> [EXERCISE]: The answer is the first line of the listing and every line after it through the one containing "Un hecho significativo", exact, with pictures removed.

> [DATASET ENTRIES]:
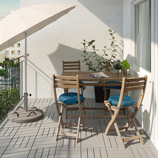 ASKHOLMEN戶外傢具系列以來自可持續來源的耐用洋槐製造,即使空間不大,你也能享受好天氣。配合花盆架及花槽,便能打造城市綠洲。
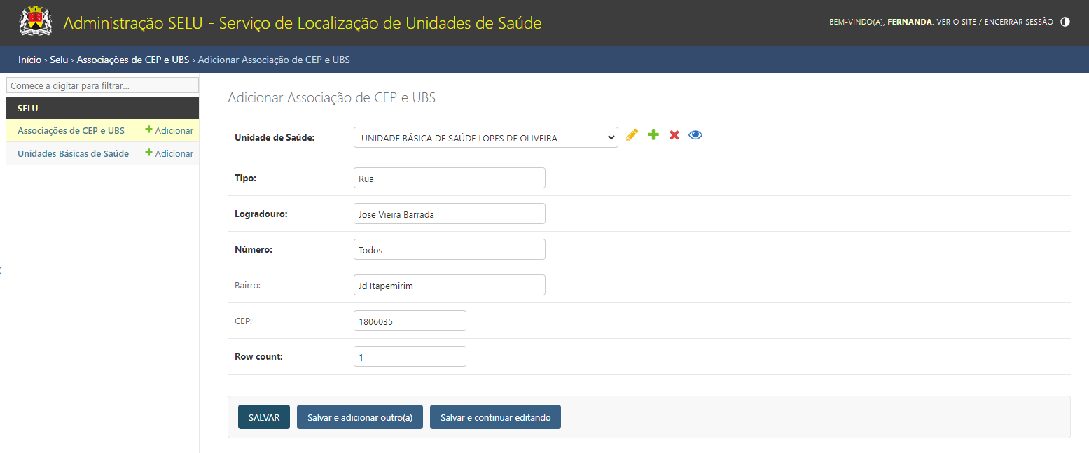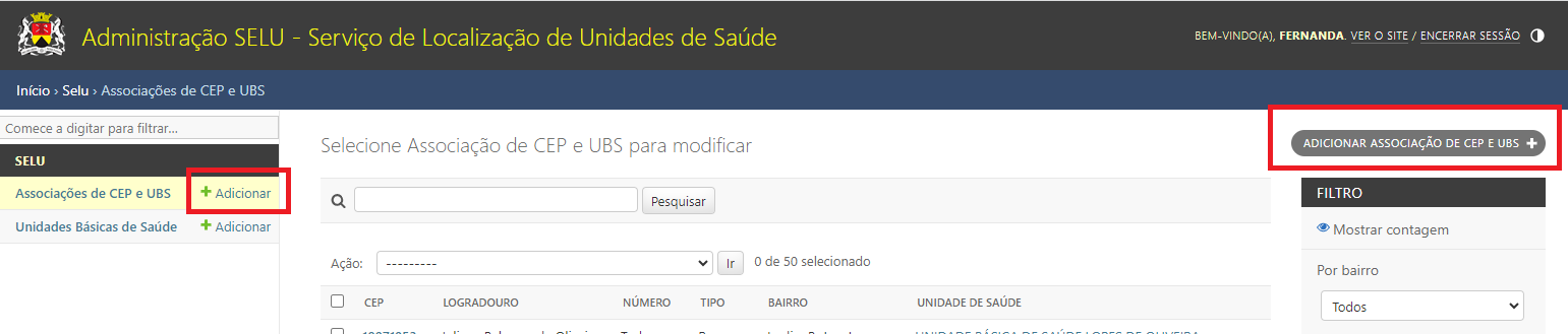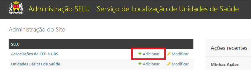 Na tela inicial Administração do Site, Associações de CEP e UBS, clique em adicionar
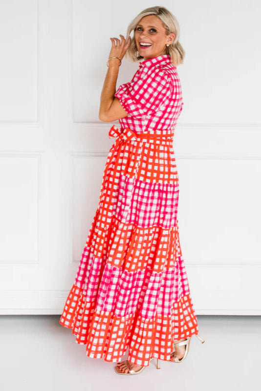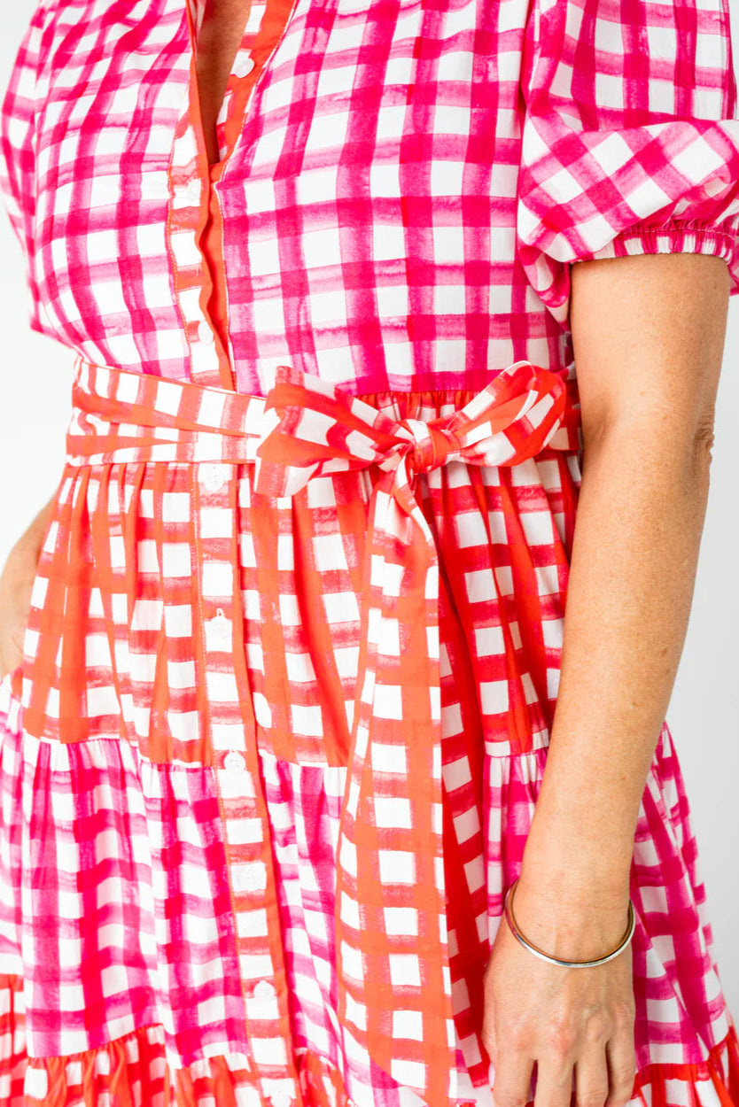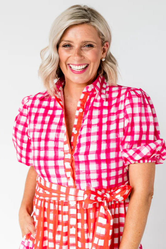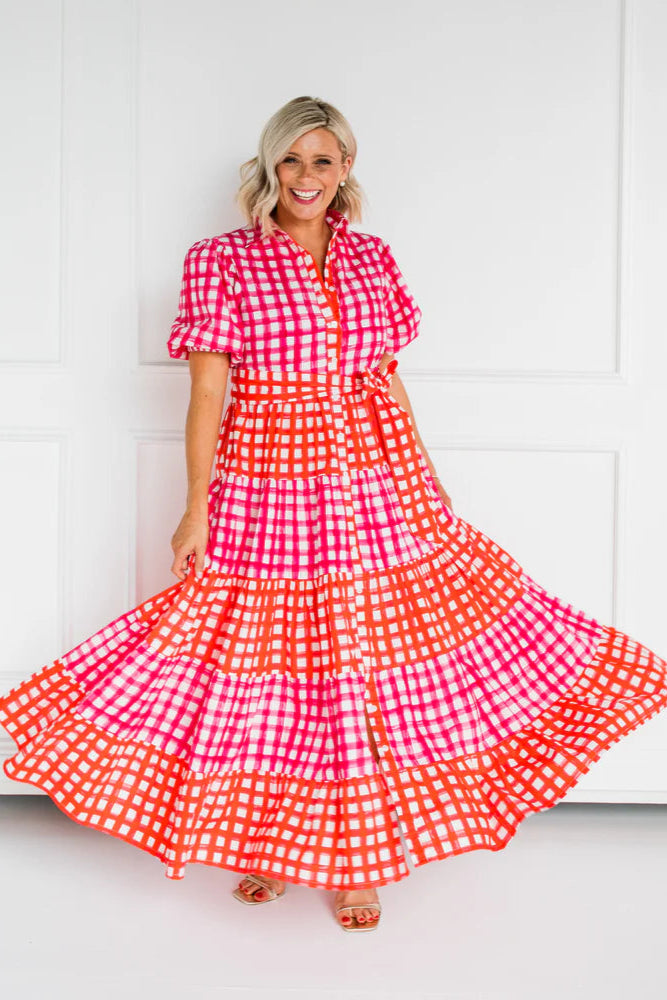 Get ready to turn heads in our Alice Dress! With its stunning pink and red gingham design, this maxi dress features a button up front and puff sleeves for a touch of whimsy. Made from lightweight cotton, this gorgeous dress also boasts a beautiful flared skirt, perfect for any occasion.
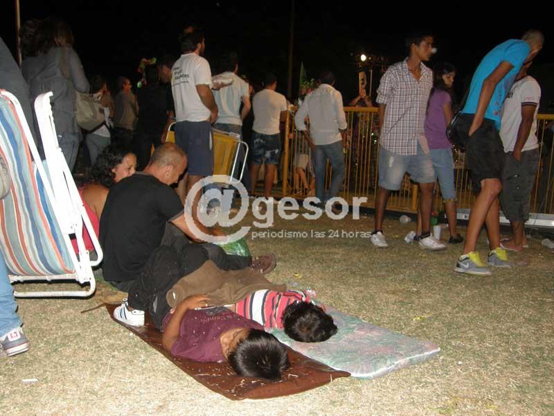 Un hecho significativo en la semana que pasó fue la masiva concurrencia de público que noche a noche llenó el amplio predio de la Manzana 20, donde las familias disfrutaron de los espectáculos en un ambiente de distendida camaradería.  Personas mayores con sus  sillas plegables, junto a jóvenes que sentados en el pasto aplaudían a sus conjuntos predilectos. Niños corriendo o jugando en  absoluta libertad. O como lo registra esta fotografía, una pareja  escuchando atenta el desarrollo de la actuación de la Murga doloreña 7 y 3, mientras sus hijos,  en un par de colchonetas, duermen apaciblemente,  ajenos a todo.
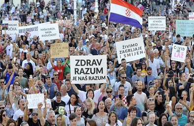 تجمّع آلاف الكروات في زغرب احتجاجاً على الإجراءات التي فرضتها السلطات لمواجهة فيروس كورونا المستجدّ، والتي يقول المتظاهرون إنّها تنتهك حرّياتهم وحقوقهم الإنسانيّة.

> [OUTPUT OF THE EXERCISE]:
 ASKHOLMEN戶外傢具系列以來自可持續來源的耐用洋槐製造,即使空間不大,你也能享受好天氣。配合花盆架及花槽,便能打造城市綠洲。
 Na tela inicial Administração do Site, Associações de CEP e UBS, clique em adicionar
 Get ready to turn heads in our Alice Dress! With its stunning pink and red gingham design, this maxi dress features a button up front and puff sleeves for a touch of whimsy. Made from lightweight cotton, this gorgeous dress also boasts a beautiful flared skirt, perfect for any occasion.
 Un hecho significativo en la semana que pasó fue la masiva concurrencia de público que noche a noche llenó el amplio predio de la Manzana 20, donde las familias disfrutaron de los espectáculos en un ambiente de distendida camaradería.  Personas mayores con sus  sillas plegables, junto a jóvenes que sentados en el pasto aplaudían a sus conjuntos predilectos. Niños corriendo o jugando en  absoluta libertad. O como lo registra esta fotografía, una pareja  escuchando atenta el desarrollo de la actuación de la Murga doloreña 7 y 3, mientras sus hijos,  en un par de colchonetas, duermen apaciblemente,  ajenos a todo.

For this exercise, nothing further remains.